Toplumda başarılı, sağlıklı ve güvenli bireyler yetiştirmek istiyorsak, bunun derhal hayata geçirilmesi gerektiğinin altını çizen Tekin, “Birincisi toplumda herkes öğretmen kesiliyor. Bırakalım öğretmenliği sadece öğretmenler yapsın. Çocuklarımızın ve gençlerimizin anneye, babaya, dedeye, amcaya, teyzeye de ihtiyacı var. Çocuklarınızla arkadaş olmayın! Onların yığınla arkadaşı ve öğretmeni var ama bir annesi ve bir babası var. İkincisi çocuklarımıza sosyal bilimler, görsel sanatlar, spor ve pratik beceriler kazandırmamız lazım. Okullarda öğretilen bilgiler soyut ve hayattan kopuk olmamalıdır. Sınavlar öğrencinin ilgi, yetenek ve becerilerini ölçen, onları geliştiren bir formata dönüştürülmelidir. Üçüncüsü ise öğrenme, oyun haline dönüştürülmelidir. Öğrenciler öğrenirken, aynı zamanda zevk alabilmeli, oyun terapisi hissedebilmeliler. Matematik, fen bilimleri gibi soyut kavramlar gerektiren dersler müzik, drama, spor gibi uygulamalarla öğretilmelidir” ifadelerini kullandı.

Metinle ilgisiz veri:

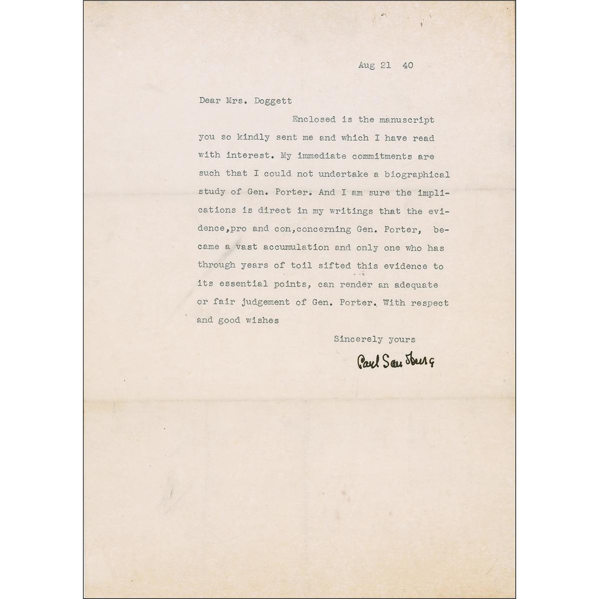 Pulitzer Prize winning writer and editor (1878–1967) best known for his poetry. TLS, one page, 8 x 11, August 21, 1940. Sandburg writes to Mrs. Doggett. In full: “Enclosed is the manuscript you so kindly sent me and which I have read with interest. My immediate commitments are such that I could not undertake a biographical study of Gen. Porter. And I am sure the implications is direct in my writings that the evidence, pro and con, concerning Gen. Porter, became a vast accumulation and only one who has through years of toil sifted this evidence to its essential points, can render an adequate or fair judgement of Gen. Porter.” In fine condition, with intersecting fold lines and faint edge toning.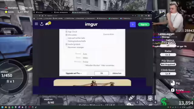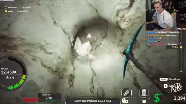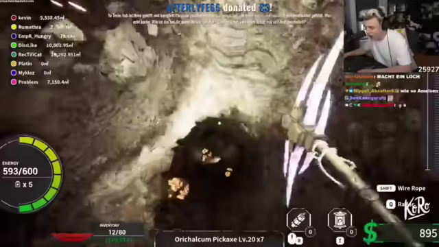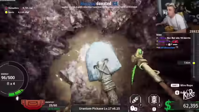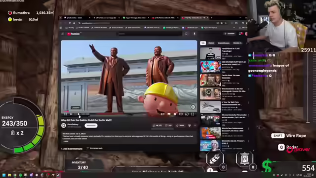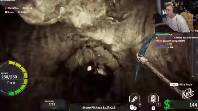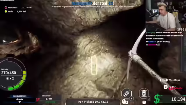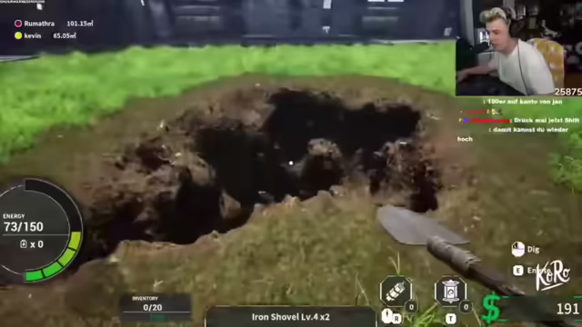 01:56:57Ein entdeckter Programmfehler in der Anzeige der Kubikmeter sorgt für Belustigung und Ärger. Es wird überlegt, ob sich ein Backpack-Upgrade lohnt und wie die Batterie effizient aufgeladen werden kann. Beim weiteren Graben werden Arbeiter entdeckt, die in einem Hamsterrad gefangen sind und an Videos erinnern, die man nachts um 3 Uhr sieht. Diese Arbeiter werden als Lohnsklaven bezeichnet, im Gegensatz zu den selbstständigen Streamern. Einer der Streamer hängt den anderen beim Abbau ab, was zu dem Problem führt, dass er nicht mehr aus dem Loch herauskommt. Es wird beschlossen, eine Treppe zu bauen, idealerweise eine Wendeltreppe. Ein Wire Rope wird gekauft, um den Aufstieg zu erleichtern. Es stellt sich heraus, dass es verschiedene Schaufeln gibt und man die beste auswählen sollte. Das Aufladen der Batterie kostet nun Geld, was als "Insane Scam" bezeichnet wird. Der Wunsch nach einem Hilti-Radio auf dem Bau kommt auf. Es wird eine Höhle entdeckt, in der sich eine Kiste mit einem Climb Boost und einem Warp Stone befindet. Die Energie reicht nicht aus, um zu entkommen, daher muss die Energie gelevelt werden. Durch das Einsammeln einer Batterie wird die Energie automatisch aufgeladen. Einer der Streamer ist "insane rich" und kauft Energie-Upgrades.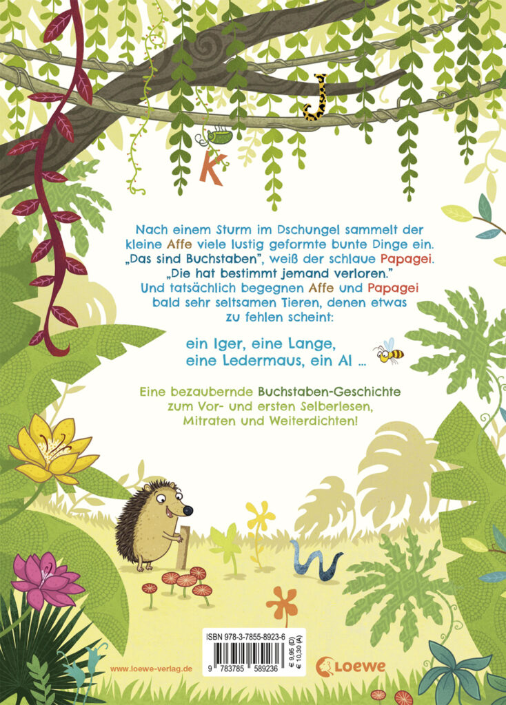 Loewe-Bücher: garantiert ohne KI Nach einem Sturm im Dschungel sammelt der kleine Affe viele lustig geformte bunte Dinge ein. „Das sind Buchstaben“, weiß der schlaue Papagei. „Die hat bestimmt jemand verloren.“ Und tatsächlich begegnen Affe und Papagei bald sehr seltsamen Tieren, denen etwas zu fehlen scheint: ein Iger, eine Lange, eine Ledermaus, ein Al … Eine bezaubernde Buchstaben-Geschichte zum Vor- und ersten Selberlesen, Mitraten und Weiterdichten! Die amüsante Vorlesegeschichte von…

Açıklamalarında aile, veli, öğretmen olarak herkesin yapabileceklerinin olduğuna vurgu yapan Tekin, “Yaşları ne olursa olsun çocuklar ve gençler, okula kendileri gitmelidir. Ailenin aşırı korumacı yaklaşımı, çocuklarda ve gençlerde çok fazla güven kaybına neden olur. Bu yüzden yaşlarına bakmaksızın, kendi ayakları üzerinde durmalarını sağlayabilecek sorumluluklar almaları gerekir. Çocuklarımızın, bağımsız yetişmeyi öğrenmeleri gerekir.Unutmayın, çocuklarını okula getirip götüren bir anne-baba olmazsa, onları ödev yapmaya zorlayan bir anne-baba da olmaz. Evet, okullarımızda çetrefilli, uzun ve zaman alıcı bir müfredatımız var. Bunu basite ve anlaşılır hale getirmemizin en etkili yolu, kitap okumak, okutmaktır. Mutlaka günü belli saatlerinde çocuklarımızın kitap okumasını sağlamamız lazım. Bunun yanında her öğretmenin mutlaka yüksek lisans yapması lazım. En küçük öğretici unvan, bu olmalıdır. Öğretmenlik, toplum gözünde statüsü en yüksek meslekler arasında olmalıdır. Sistem bunu sağlamıyorsa da öğretmenler olarak bizler saygınlığımız, davranışlarımız, tutumlarımız ve hareketlerimizle bunu sağlamalıyız. Öğrenmenin yeri okullardır. Bu yüzden aile içindeki ilişkiler, eğitim ekseninde şekillenmemelidir. Bununla birlikte rekabet, üstünlük kazanmak gibi hırsa dayalı durumları çocuklarımızın hayatından atmamız lazım. Saygıya, öğrenmeye, bilinçlenmeye ve mutluluğa dayalı bir rekabet bilinciyle çocuklarımızı yetiştirmemiz lazım. Eğitim, asla çocuk için bir yarış değildir. Çocuklarımızı birbirleriyle yarıştıran bir model, kesinlikle tarihe gömülmelidir. Çocuklarımızdaki en büyük hazine saygı, sevgi, merhamet ve özgüvendir. Aynı anlayış, eğitimdeki tüm birimler için de geçerli olmalıdır. Öğrenciler, okullar, öğretmenler, aileler birbirleriyle yarışma halinde değil, dayanışma halinde olmalıdırlar. Evet, eğitimin şakası olmaz. Çünkü mutlu, başarılı ve sağlıklı bir toplum ancak kaliteli bir eğitimle mümkündür” diye konuştu.